NCT number NCT00696813
Other study ID # CR014707
Secondary ID R076477SCH4016
Status Completed
Phase Phase 4
First received June 5, 2008
Last updated February 4, 2013
Start date June 2008
Est. completion date January 2011

Study information

Verified date February 2013
Source Janssen-Cilag International NV
Contact n/a
Is FDA regulated No
Health authority Belgium: Ministry of Social Affairs, Public Health and the Environment
Study type Observational

Clinical Trial Summary

The purpose of this non-interventional, observational and international registry study is to document the prescribing patterns in daily clinical practice and to assess long term treatment outcomes related to initiation of treatment with oral antipsychotics in a naturalistic setting.


Description:

PILAR is a non-interventional, observational, international registry on the use of oral antipsychotics in a naturalistic setting in patients with schizophrenia. Patients initiating a new oral antipsychotic treatment are candidates for documentation in this registry. All patients should be treated according to local labeling specifications. The overall study objective is to document prescribing patterns in daily clinical practice and to assess long-term treatment outcomes related to initiation of treatment with oral antipsychotics in a naturalistic setting.

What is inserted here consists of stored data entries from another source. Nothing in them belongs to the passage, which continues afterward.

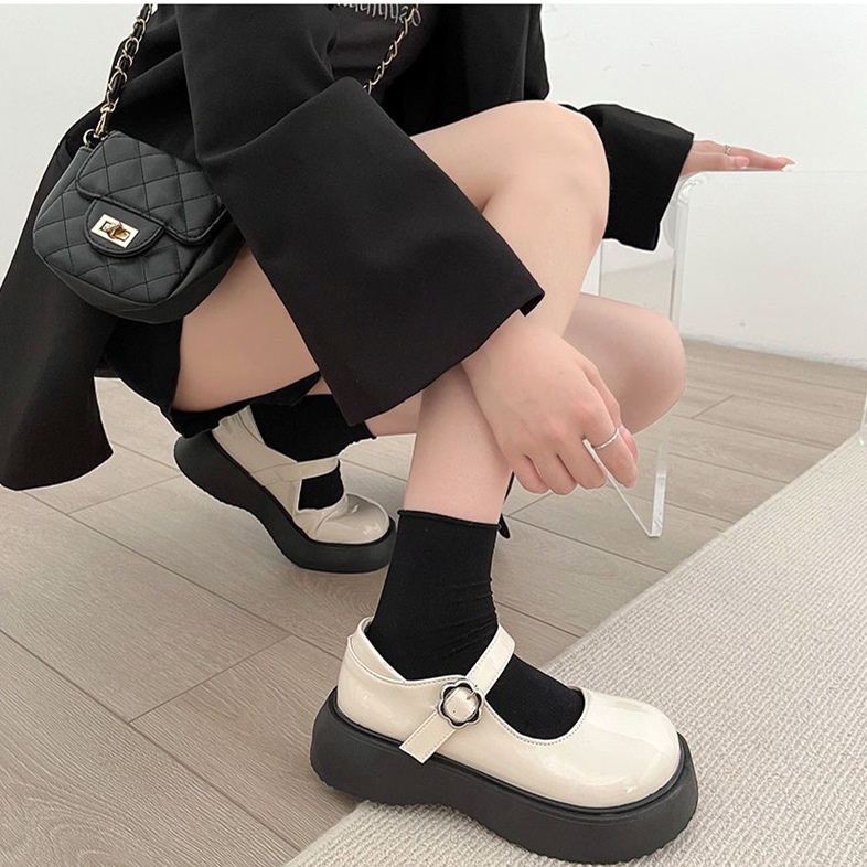 Thick-soled Versatile Leather Shoes For Women Summer Retro Mary Jane Shoes French Temperament Black Single Shoes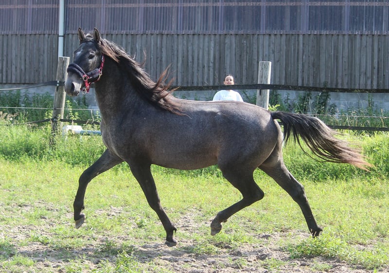 Garibaldi is op tweejarige leeftijd al een absolute blikvanger. Het is niet makkelijk om dit gezicht te vergeten. Het grote oog, de licht geramde neus, de lange hals met een fijne nek - alles past gewoon bij elkaar. Garibaldi komt van vaderskant uit een sportieve lijn en van moederskant uit een lijn van klassieke werkpaarden uit de Spaanse stierenweiden. Hij is geboren met beweging, wendbaarheid, lichtvoetigheid en uithoudingsvermogen. Met zijn uitstekende bouw in lijn met het rastype is hij zeer interessant als rijpaard en voor latere fokdoeleinden. Fokprogramma's voor Spaanse paarden zouden ook een uitstekende arena voor hem zijn. Garibaldi heeft goede tot zeer goede basisgangen. Garibaldi is geboren in Noord-Duitsland, is gewend aan Duitse weiden en is 100% vrij van piroplasmose. Al onze paarden zijn blootsvoets, dus ook dat zou geen probleem moeten zijn voor deze jonge hengst.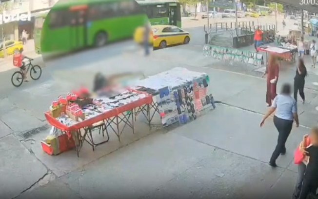 Poucos segundos depois, mãe e filho ressurgem no vídeo, já caídos no chão. Pedestres que testemunharam o acidente se aproximam para prestar socorro. O coletivo para alguns metros adiante.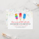 Este adorável convite de aniversário temático de picolé apresenta obra de arte em aquarela e fundo de respingo de tinta. Personalize este convite adorável com suas informações!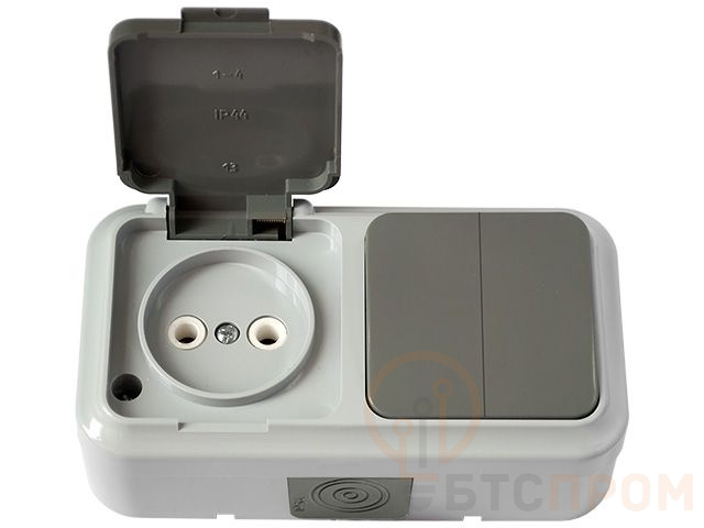 Блок выкл. 2 клав. + розетка (открытая, б/з, брызг. защ.) серая, Пралеска Аква, Bylectrica (IP54 пылебрызгозащищенные) 2В-РЦ-655(03)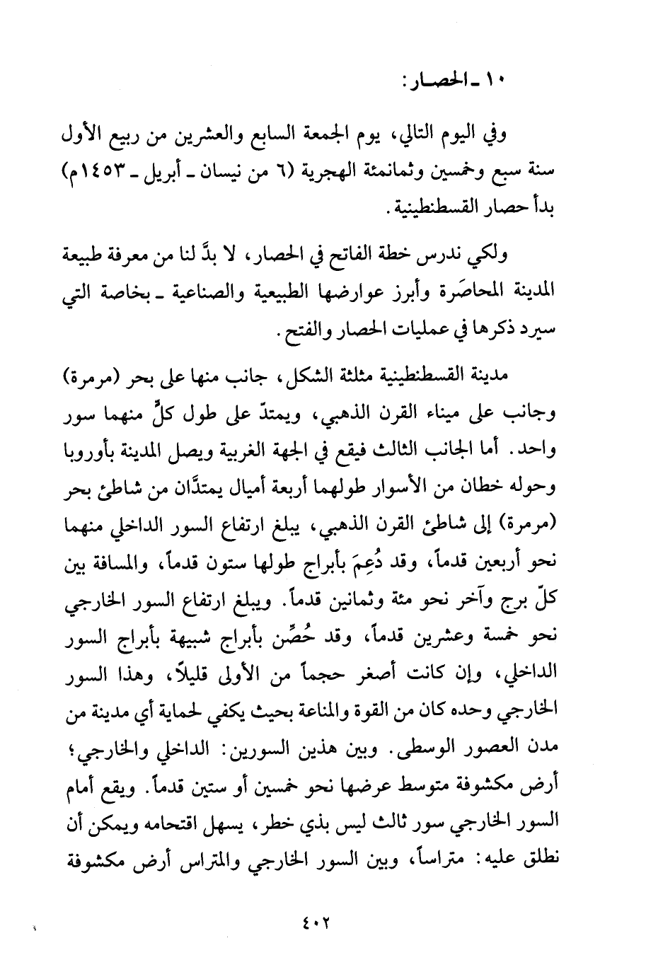 مدينة القسطنطينية مثلثة الشكل، جانب منها على بحر (مرمرة) وجانب على ميناء القرن الذهبي، ويمتدّ على طول كلٍّ منهما سور واحد. أما الجانب الثالث فيقع في الجهة الغربية ويصل المدينة بأوروبا وحوله خطان من الأسوار طولهما أربعة أميال يمتدَّان من شاطئ بحر (مرمرة) إلى شاطئ القرن الذهبي، يبلغ ارتفاع السور الداخلي منهما نحو أربعين قدماً، وقد دُعِمَ بأبراج طولها ستون قدماً، والمسافة بين كلّ برج وآخر نحو مئة وثمانين قدماً. ويبلغ ارتفاع السور الخارجي نحو خمسة وعشرين قدماً، وقد حُصّن بأبراج شبيهة بأبراج السور الداخلي، وإن كانت أصغر حجماً من الأولى قليلاً، وهذا السور الخارجي وحده كان من القوة والمناعة بحيث يكفي لحماية أي مدينة من مدن العصور الوسطى. وبين هذين السورين: الداخلي والخارجي؛ أرض مكشوفة متوسط عرضها نحو خمسين أو ستين قدماً. ويقع أمام السور الخارجي سور ثالث ليس بذي خطر، يسهل اقتحامه ويمكن أن نطلق عليه: متراساً، وبين السور الخارجي والمتراس أرض مكشوفة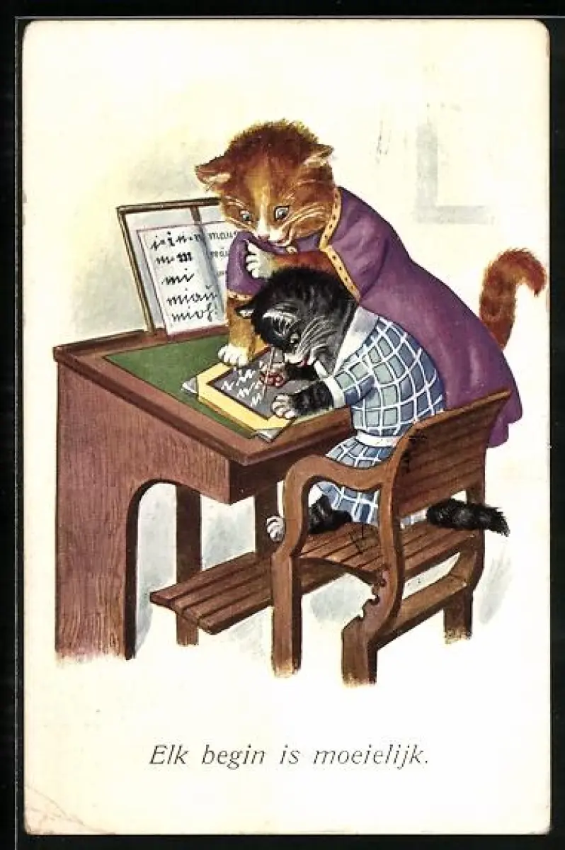 AK Aller Anfang ist schwer, Katzenkind lernt Schreiben, vermenschlichte Tiere
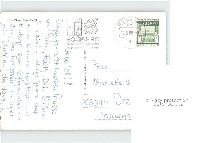 72362129 alte Postkarte BERLIN CITY Hilton Hotel postalisch gelaufen Erhaltung siehe scans KatCode: 11110011000000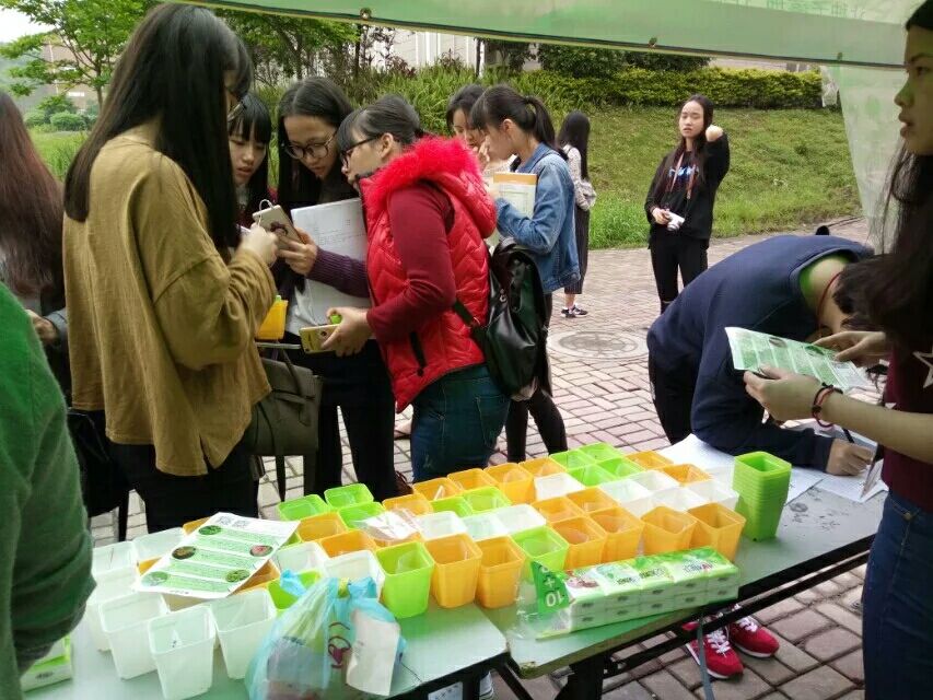 自2011年3月第一届全国大学生绿植领养活动启动至今,已经先后进入上千所大学为学生免费派发绿植种子,成功种植绿色植物上百万株。为继续将这份爱心传播,我院于2016年4月13日在校园超市门口开展了一场以“绿色校园行,有种你就来”为主题的绿植领养活动。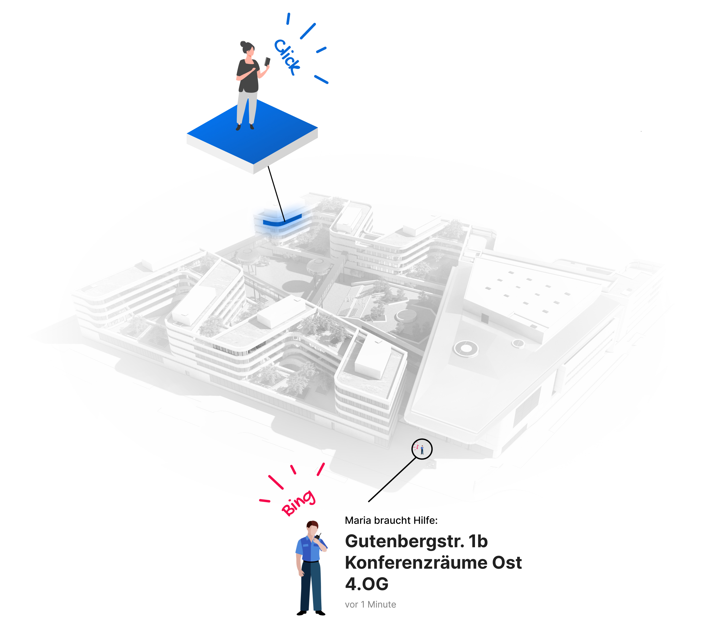 Das Sicherheitspersonal der WISAG erhält im Falle eines Alarms dank innovativer Ortungstechnik den genauen Standort und kann schnell zu Hilfe kommen.

The primary objective is to prospectively document over one year treatment outcomes and healthcare utilization data that will enable a cost-effectiveness analysis of paliperidone ER compared to other oral antipsychotic treatments. Additional objectives are to retrospectively collect data over one year, which will allow the evaluation of treatment outcomes before and after treatment initiation with paliperidone ER or other oral antipsychotics. Evaluation of Adverse Drug Reactions (ADR) and Serious Adverse Drug Reactions (SADR) for the retrospective period, and Adverse Events (AE) and Serious Adverse Events (SAE) during the prospective period will be performed and reported. Dosing and administration of all treatments should be prescribed at the physician's discretion, and should be based on approved local labels. Dose adjustments or medication changes should be made by the treating physician based on clinical judgment and usual practice. Subjects should receive their medication according to usual care in their treatment setting, and no study drug will be provided. The documentation of the treatment will last one year.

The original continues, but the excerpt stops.